In these few verses Mark draws what appears to be a particular conclusion from Jesus’ teachings, but uses it to bring us to a very deep place, a place of specific personal reflection.  What comes from within us and what work must we do if what we bring forth is at variance with the Gospel, or spiritually unhealthy, or morally unacceptable.

We recall from the previous lectio that Jesus wishes us to realise that law and the following of law is always about a discerned marriage of both letter and spirit – what a law says in black and white, and what the intention is which lies behind it.  Now, in a sense, Jesus asks us how we respond to that reality, and how law shapes us and our behaviour.  The analogy with food – and that’s what it is, this little parable or wise saying – is wonderful.  We eat food and it passes through us and out into the sewer – that’s essentially how our body deals with “what comes from outside”.  This requires development – what about all the other things which come to us “from outside”?

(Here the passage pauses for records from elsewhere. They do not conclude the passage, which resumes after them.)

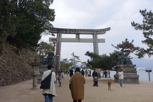 繼續向前走,就會嚴島神社參道的鳥居及巨大的狛犬在鎮守,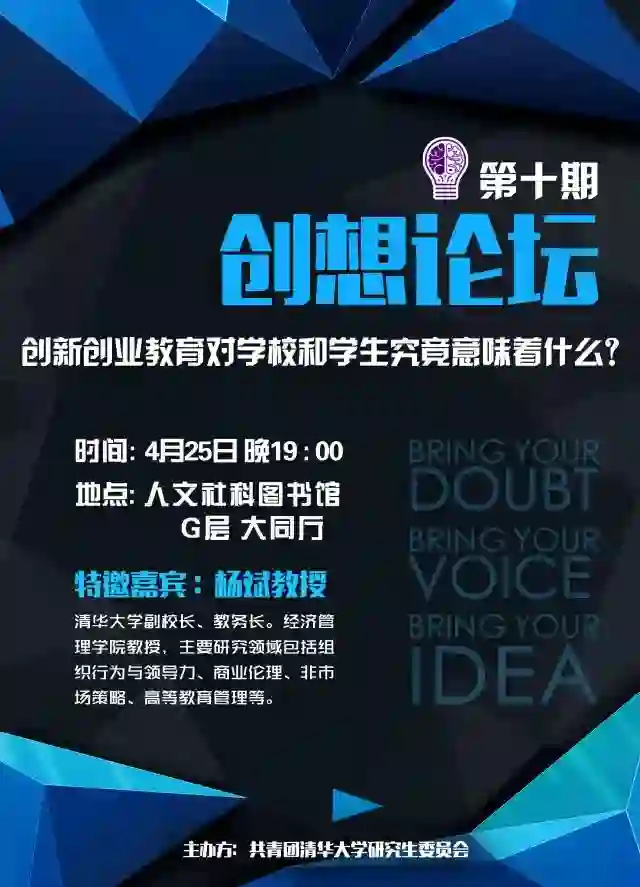 创想论坛由校研究生团委发起并主办,以“知维创想,行践创新”为核心精神,邀请学术大师、业界大牛、创业团队、清华学子针对热点问题或科技前沿交流对话,以此来营造学术界和产业界思想交锋的空间并提供两界大咖与学子开放对话的平台。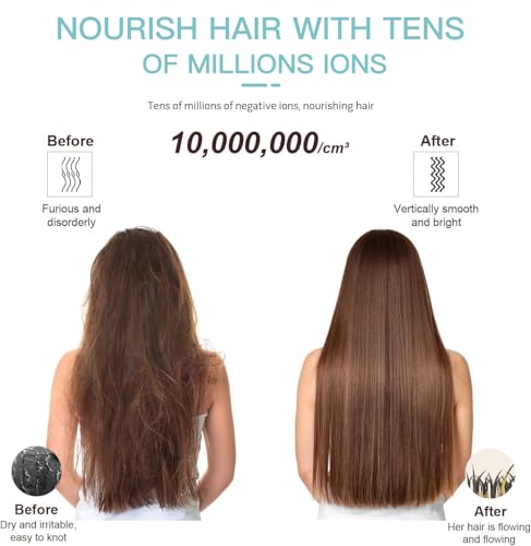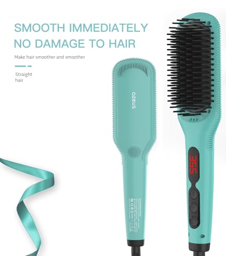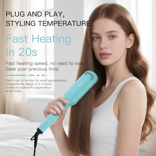 Azeus Ionic Hair Straightener Brush, Adjustable 30s Fast MCH Ceramic Heating Hair Straightening Brush with Anti Scald Feature, Frizz-Free Shine & Hair Repair (Turquoise Blue)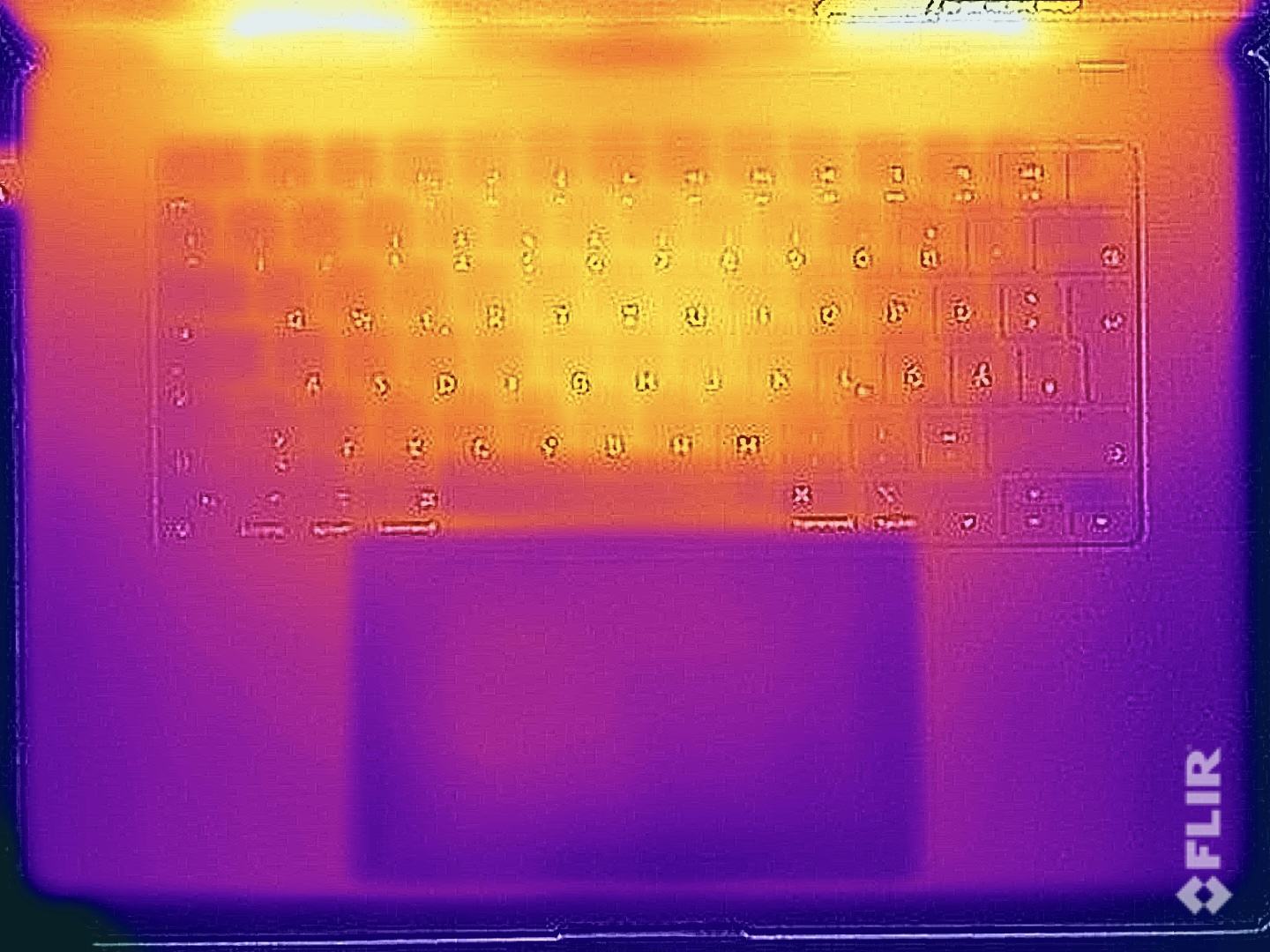 Problem med höga temperaturer förblir främmande för MacBook Pro 16 med M3 Pro. Med mindre krävande uppgifter värms inte höljet upp alls. Under stresstestet nådde yttemperaturerna knappt 37 till 38 °C (99-100 °F) på de varmaste platserna, på grund av den ökade fläktaktiviteten. Det värsta scenariot representeras av spel när fläktarna vanligtvis körs med 1 400 till 1 900 rpm, men även här ger ett maximum på 42 °C (108 °F) absolut ingen anledning till oro. 140-wattsladdaren uppnår en maximal temperatur på 45 °C (113 °F).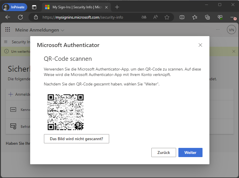 8.) fahren Sie nun bei Schritt 5 auf Ihrem PC weiter fort - ein QR-Code wird angezeigt - scannen Sie den QR-Code mit der Authenticator-App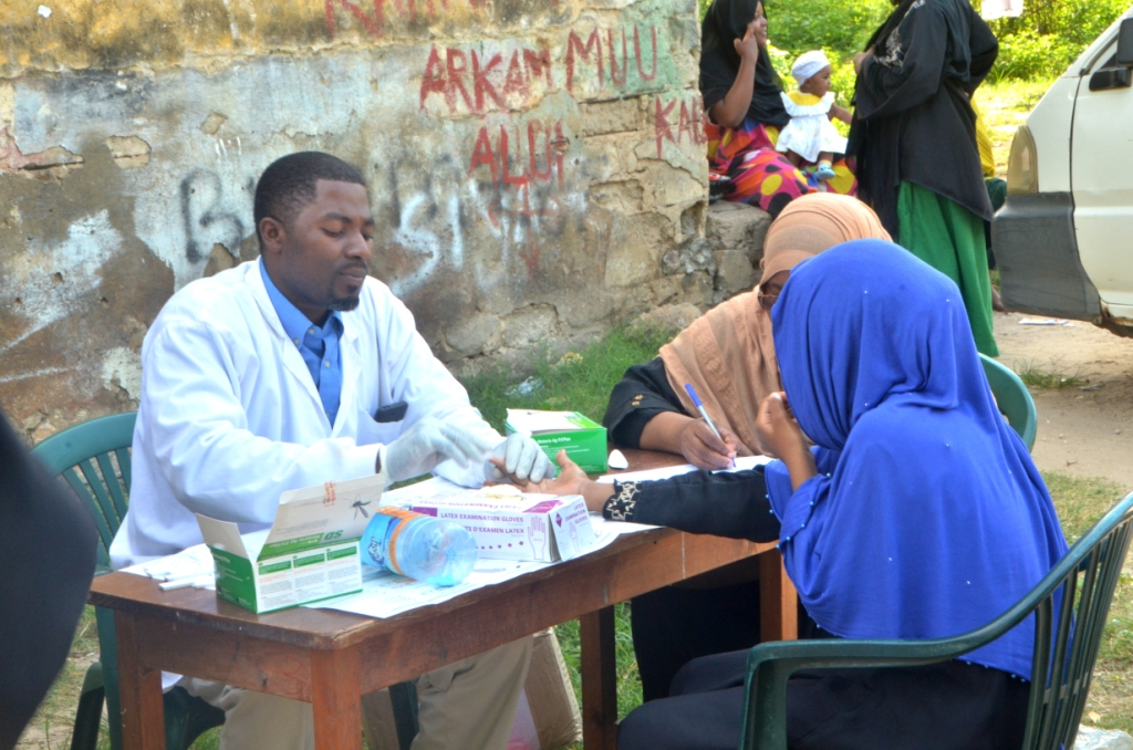 Meneja Mratibu wa Malaria Unguja na Pemba Abdalla Suleiman akiwa pamoja na Naibu Meneja Faiza Abbas wakishajiisha watu kwenda kutoa Damu kwa ajili ya kupima Malaria yaliogundulika zaidi katika Shehia hio ambapo kiasi cha watu 50 wamegundulika Kikwajuni Majumba ya Mjarumani Zanzibar.

Jesus is asking us to notice, just as he is fond of doing himself, the context in which we live.  It takes a new sort of awareness, almost a faculty which we have to “switch on”, for this to happen.  The first rather surprising thing to say is that we can be extraordinarily lazy with regard to our noticing what is happening around us.  In many ways we allow our surroundings, our encounters, words spoken to us and gestures made towards us, to be received only superficially and then we allow them to pass by or roll off us.  And in many cases that’s probably the approach we should take towards them – not everything, after all, demands the same, detailed and focused engagement which we reserve for the most important moments and meetings.  And yet, no moment or meeting, or word or gesture is entirely empty – each one has the potential to reveal God’s presence to us, or reveal our absence from God’s presence.

Jesus is acutely aware of just how all these moments shape us, and that we respond from within according to their varying influences.  Hence his saying – “It is what comes out of man that makes him unclean”.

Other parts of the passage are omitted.